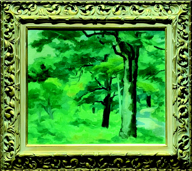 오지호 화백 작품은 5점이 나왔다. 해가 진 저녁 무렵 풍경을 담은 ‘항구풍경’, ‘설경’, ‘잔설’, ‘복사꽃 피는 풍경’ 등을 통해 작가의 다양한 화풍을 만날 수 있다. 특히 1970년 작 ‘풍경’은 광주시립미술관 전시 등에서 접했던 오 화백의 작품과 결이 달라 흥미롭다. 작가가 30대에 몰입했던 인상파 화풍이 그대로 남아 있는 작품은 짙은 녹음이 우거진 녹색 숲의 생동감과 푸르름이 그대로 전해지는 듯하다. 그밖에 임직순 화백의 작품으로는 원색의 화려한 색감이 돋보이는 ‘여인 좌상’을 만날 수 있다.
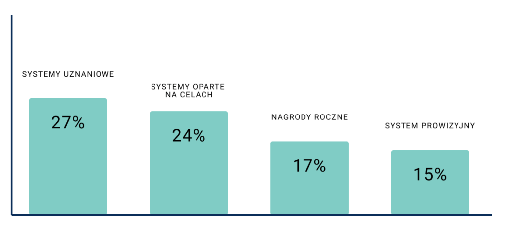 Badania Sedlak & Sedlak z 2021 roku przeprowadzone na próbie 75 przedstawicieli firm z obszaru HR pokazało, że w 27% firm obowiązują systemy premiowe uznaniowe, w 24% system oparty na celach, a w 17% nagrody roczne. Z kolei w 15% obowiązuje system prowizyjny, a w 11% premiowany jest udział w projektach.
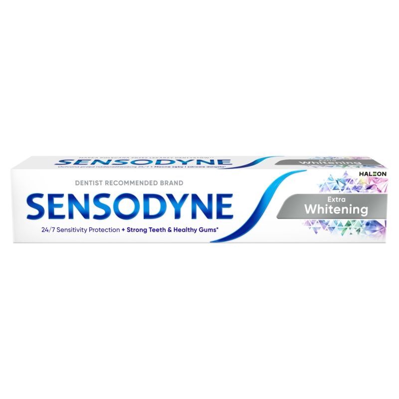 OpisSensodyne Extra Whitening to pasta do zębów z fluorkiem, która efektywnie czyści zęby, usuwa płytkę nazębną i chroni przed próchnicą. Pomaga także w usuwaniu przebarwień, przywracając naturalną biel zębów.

...

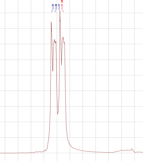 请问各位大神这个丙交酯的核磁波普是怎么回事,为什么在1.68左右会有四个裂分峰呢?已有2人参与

## Assigned task
Although pictures appear among the records above, write out exactly only the lines from the one that has "오지호 화백 작품은 5점이" through the one that has "OpisSensodyne Extra Whitening", and leave the pictures out.

## Answer to the problem
 오지호 화백 작품은 5점이 나왔다. 해가 진 저녁 무렵 풍경을 담은 ‘항구풍경’, ‘설경’, ‘잔설’, ‘복사꽃 피는 풍경’ 등을 통해 작가의 다양한 화풍을 만날 수 있다. 특히 1970년 작 ‘풍경’은 광주시립미술관 전시 등에서 접했던 오 화백의 작품과 결이 달라 흥미롭다. 작가가 30대에 몰입했던 인상파 화풍이 그대로 남아 있는 작품은 짙은 녹음이 우거진 녹색 숲의 생동감과 푸르름이 그대로 전해지는 듯하다. 그밖에 임직순 화백의 작품으로는 원색의 화려한 색감이 돋보이는 ‘여인 좌상’을 만날 수 있다.
 Badania Sedlak & Sedlak z 2021 roku przeprowadzone na próbie 75 przedstawicieli firm z obszaru HR pokazało, że w 27% firm obowiązują systemy premiowe uznaniowe, w 24% system oparty na celach, a w 17% nagrody roczne. Z kolei w 15% obowiązuje system prowizyjny, a w 11% premiowany jest udział w projektach.
 OpisSensodyne Extra Whitening to pasta do zębów z fluorkiem, która efektywnie czyści zęby, usuwa płytkę nazębną i chroni przed próchnicą. Pomaga także w usuwaniu przebarwień, przywracając naturalną biel zębów.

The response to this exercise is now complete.